Lecturas
En marzo de 1970 el argentino Luis Irigoyen, exiliado en Cuba, empezó a trabajar en el Instituto Nacional de la Reforma Agraria (INRA) como profesor de francés. Sus alumnos, hembras y varones, eran en su mayoría agrónomos universitarios y técnicos de nivel medio destinados, por un convenio con Francia, a capacitarse en Córcega, donde radicaba un centro de vanguardia mundial en virología vegetal.
Desde el inicio, Luis tropezó con una grave dificultad: casi todos sus alumnos eran de origen campesino y muchos fonemas franceses no figuraban en su habla muy deslabializada y de una excesiva laxitud articulatoria. Luis advirtió de inmediato que sus guajiritos se expondrían al grave peligro de confundir un poisson, «pescado», donde el sonido de la doble ese es sordo, con un poison «veneno» de ese sonora. Abundan ejemplos mucho más complejos: lo que al oído cubano suena «ban», puede significar «vino», «viento», «baño», «vano» o «banco», según se pronuncien vocales abiertas o cerradas, y consonantes sordas, sonoras o nasales.

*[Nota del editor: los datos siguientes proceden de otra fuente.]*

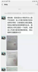 据老师反映:“2019年8月13日晚间,文家良在老师群内突然发文,要老师停止招生,另谋高就。而朱文城则让淡水园林小学的教师冒充阳光教师联系阳光小学各班学生家长,散布谣言说阳光小学已经倒闭,要他小孩赶紧去淡水园林上学,视法律为无物。淡水园林小学学校现有生源1200多学生,还要挖走阳光小学的学生。这么多的学生,而淡水园林小学只批准开班十二个班,朱文城打算怎么安排这些学生在那上课?

Para entrenarlos en no confundirse con la gran polifonía del francés, Irigoyen decidió impartirles nociones básicas de fonética francesa. Optó por ese recurso porque dada la muy insuficiente capacidad fonatoria de sus discípulos, todos habían demostrado poseer una buena inteligencia, al graduarse en agronomía universitaria o como técnicos en institutos tecnológicos; y sobre esa base se propuso enseñarles el alfabeto fonético de la lengua francesa. Así podrían saber con absoluta precisión cuáles eran los movimientos que debían hacer con los labios, la lengua, la glotis, laringe etc…, para pronunciar correctamente cualquier palabra. Esa primera tarea la cumplió al cabo de semana y media al ritmo de seis horas diarias.
El INRA lo había dotado de una grabadora Telefunken con las cintas de un curso muy moderno, producido en Vichy por especialistas en la docencia de francés para extranjeros. Luis aceptó trabajar con ese material para que los alumnos pudieran ejercitarse en las sutilezas de la pronunciación, clave de un buen entendimiento oral. Pero desechó los innumerables folletos de ejercicios incluidos en cada lección, que propiciaban conversaciones y escritos sobre la vida cotidiana en Francia; y al no disponer de las cabinas, ni de la intercomunicación por circuito eléctrico aparejada para que el profesor pudiera oír lo pronunciado por los alumnos, Luis se valió de una manguera de cinco metros. Con ella lograba oír lo que un alumno pronunciaba por un extremo, sin interferencia de la grabadora a alto volumen que difundía para todo el grupo lo dicho por los locutores franceses. Luis podía captar así por el otro extremo de la manguera la respiración, el chasquido y cloqueo de la lengua, y saber si cada alumno en turno de repetir los textos grabados, colocaba la punta en posición alveolar, palatal o gutural; o si abrían o cerraban demasiado los labios. Asimismo percibía a la perfección las consonantes sonoras o nasales y la variable apertura de las vocales. A falta de cabina y sin la manguera, las voces francesas le habrían impedido controlar las repeticiones del alumno en turno.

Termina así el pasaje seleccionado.